Но были и другие обстоятельства, которые лично от вас уже никак не зависели.

 

МОЯ МИЛИЦИЯ МЕНЯ БЕРЕЖЕТ?

 

Федеральная дорога Баку–Ростов проходит через несколько республик, в том числе и по Чечне с Ингушетией. А Ингушетия в том месте, где по ней пролегает федеральная трасса, совсем узенькая – ну, может быть, немногим более тридцати километров. На этой же трассе и столица Ингушетии Назрань находится. Так вот на этом коротком отрезке дороги было расположено четыре стационарных поста ГАИ. Теперь они называются ГИБДД. На этих постах несли службу суровые ингушские милиционеры, и занимались они там «гибддизмом». Вернее сказать – «гибддировали». Что это значит? Да просто спокойно проехать через эти посты без приключений и неприятностей было практически невозможно. Публика там несла службу очень наглая и алчная. Для военнослужащих, выезжающих из Чечни, это было первое и очень трудное испытание. Прорваться сквозь эти милицейские заслоны с минимальными потерями было сродни героизму. Даже тошно вспоминать сейчас о том, что происходило на этих милицейских постах. Особенно отличался в худшую сторону пост на выезде из Ингушетии в Северную Осетию, немного не доезжая до осетинского села Чермен.

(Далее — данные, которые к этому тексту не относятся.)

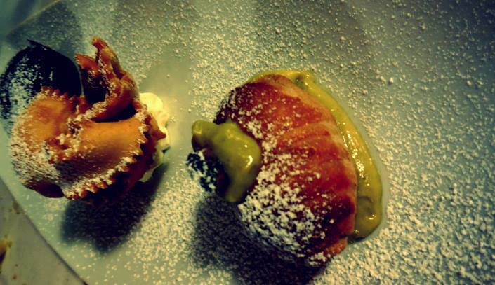 Tortino cioccolato caldo, cannolo di crema adagiato in una crema di pistacchio e visto il periodo di carnevale una “chiacchera” con crema ad accompagnare.
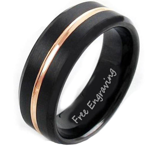 This comfort-fit Tungsten wedding band for men features a black Tungsten band with a center gold line groove.
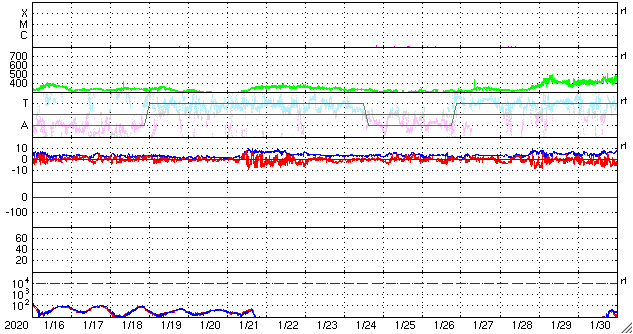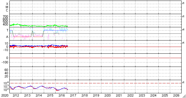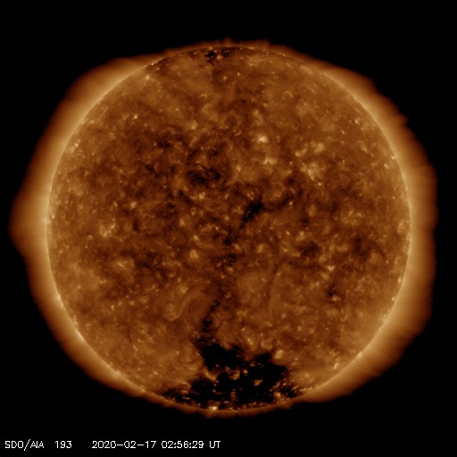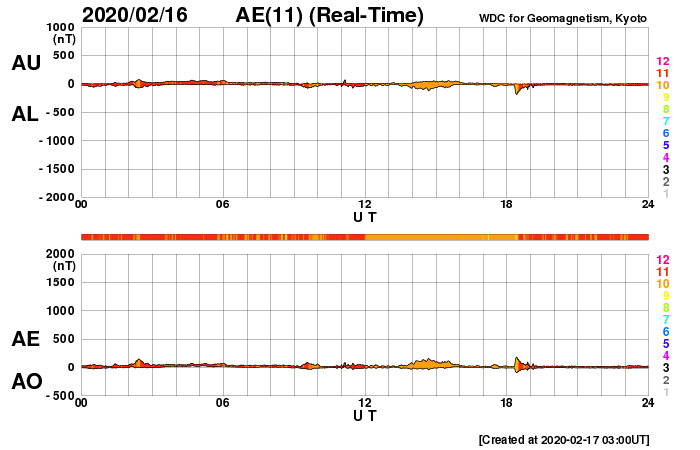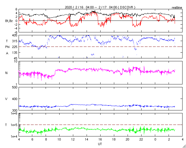 2020/ 2/17 12:03 更新 太陽風は低速の風が続いています。磁気圏も静穏です。 担当 篠原 太陽風の速度は少し下がって、330km/秒付近になっています。 低速の状態が続いています。 磁場強度も、3〜4nTとやや弱い値です。 磁気圏は静穏で、 AE指数はほとんど変化のない状態です。 SDO衛星AIA193では、 南極側からコロナホールが細長く縦に伸びています。 しかし、低緯度域の広がりはほとんどなく、 太陽風への影響は見られないままかもしれません。 27日周期の図では、前周期のグラフの最後に、 次の太陽風の高まりが見え始めています。 このまま回帰すると考えると、 来週の2月25日くらいから 太陽風の高まりが始まるかもしれません。 太陽は無黒点です。 静かな状態が続いています。

Напрасно кто-то может посчитать, что я сгущаю краски. К сожалению, все это было испытано на собственной шкуре. И столкнуться с этим пришлось уже в первую свою поездку.

Нас было четыре офицера в машине: трое ехали в отпуск, а я – в командировку. При мне было оружие, пистолет Макарова. На посту к нам подошла какая-то откормленная личность. На этом, с позволения сказать, милиционере была не милицейская и не военная форма, а какой-то камуфляж произвольного покроя и произвольной расцветки. Не потрудившись представиться и назвать себя, он сразу заявил, что дежурят они уже давно и успели проголодаться, да и время обеда уже подошло. А мы соответственно должны их этим обедом угостить. Потому каждый из нас обязан заплатить по пятьсот рублей. И тогда вопросов к нам не будет.

Глядя на пухлые, лоснящиеся щеки этого милиционера и на его висящий двойной подбородок, сразу в голову пришла мысль, что это он так, бедный, опух от голода.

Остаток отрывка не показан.